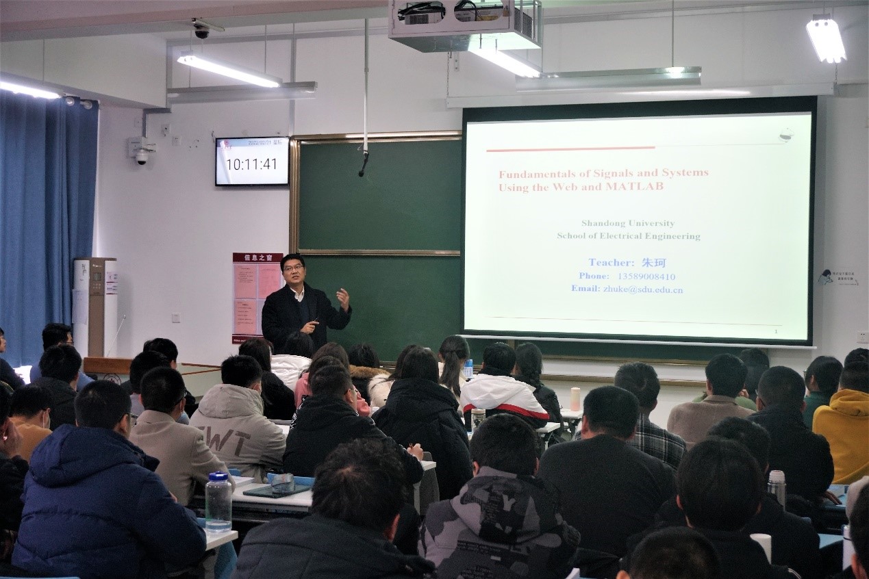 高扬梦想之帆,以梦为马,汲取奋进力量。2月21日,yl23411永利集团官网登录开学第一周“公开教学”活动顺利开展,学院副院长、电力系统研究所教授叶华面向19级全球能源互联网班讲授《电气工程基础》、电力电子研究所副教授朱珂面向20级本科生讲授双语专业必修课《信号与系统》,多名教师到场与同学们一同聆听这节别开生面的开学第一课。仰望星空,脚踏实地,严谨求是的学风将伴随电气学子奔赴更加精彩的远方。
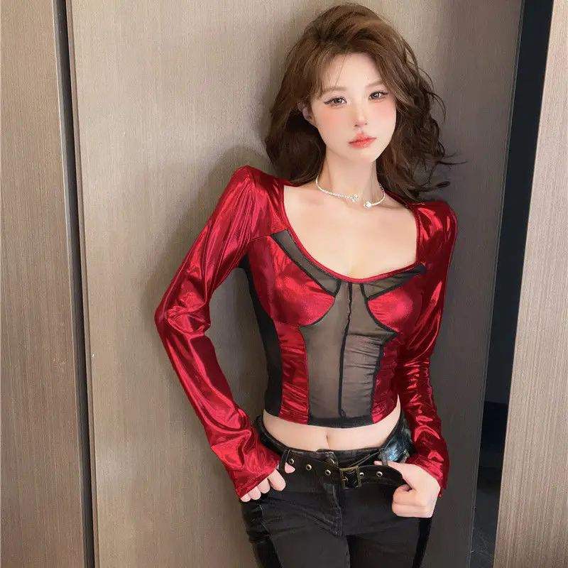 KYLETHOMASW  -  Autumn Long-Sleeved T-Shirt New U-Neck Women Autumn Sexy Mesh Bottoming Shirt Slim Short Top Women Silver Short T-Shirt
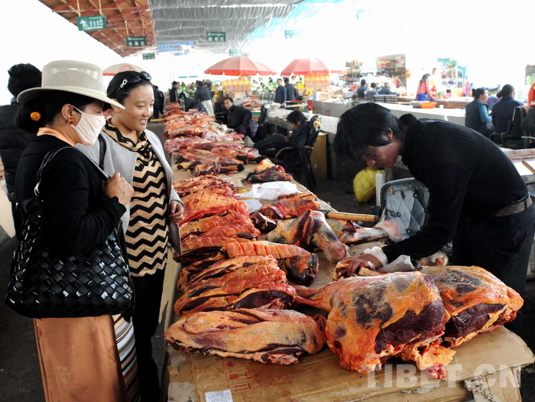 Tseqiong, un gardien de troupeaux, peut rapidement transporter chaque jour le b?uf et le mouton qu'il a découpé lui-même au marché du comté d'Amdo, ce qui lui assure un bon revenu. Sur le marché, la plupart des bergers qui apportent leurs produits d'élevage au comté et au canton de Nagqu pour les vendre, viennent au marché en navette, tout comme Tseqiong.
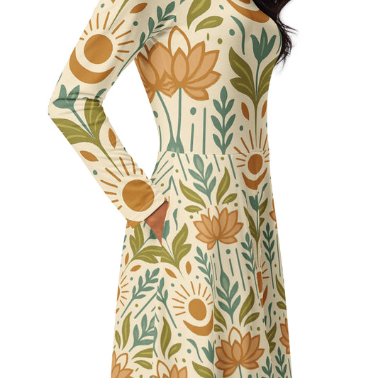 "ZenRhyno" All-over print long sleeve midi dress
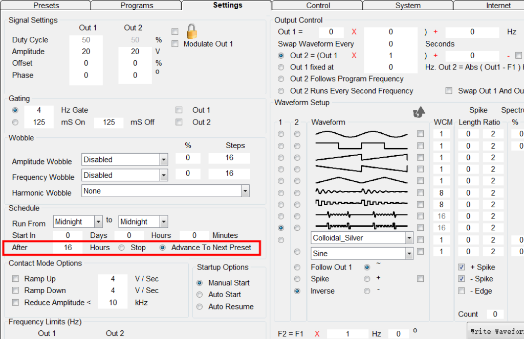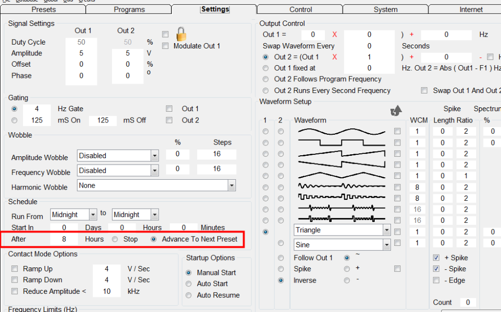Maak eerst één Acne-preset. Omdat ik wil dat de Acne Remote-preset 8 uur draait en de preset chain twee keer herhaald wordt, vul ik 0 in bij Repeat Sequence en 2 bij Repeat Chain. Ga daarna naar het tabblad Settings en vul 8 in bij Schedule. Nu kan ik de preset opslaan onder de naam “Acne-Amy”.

◆ Assignment:
From the line containing "KYLETHOMASW  -  Autumn" down to the end of the data above, reproduce each line exactly; no pictures.

◆ Written response:
 KYLETHOMASW  -  Autumn Long-Sleeved T-Shirt New U-Neck Women Autumn Sexy Mesh Bottoming Shirt Slim Short Top Women Silver Short T-Shirt
 Tseqiong, un gardien de troupeaux, peut rapidement transporter chaque jour le b?uf et le mouton qu'il a découpé lui-même au marché du comté d'Amdo, ce qui lui assure un bon revenu. Sur le marché, la plupart des bergers qui apportent leurs produits d'élevage au comté et au canton de Nagqu pour les vendre, viennent au marché en navette, tout comme Tseqiong.
 "ZenRhyno" All-over print long sleeve midi dress
Maak eerst één Acne-preset. Omdat ik wil dat de Acne Remote-preset 8 uur draait en de preset chain twee keer herhaald wordt, vul ik 0 in bij Repeat Sequence en 2 bij Repeat Chain. Ga daarna naar het tabblad Settings en vul 8 in bij Schedule. Nu kan ik de preset opslaan onder de naam “Acne-Amy”.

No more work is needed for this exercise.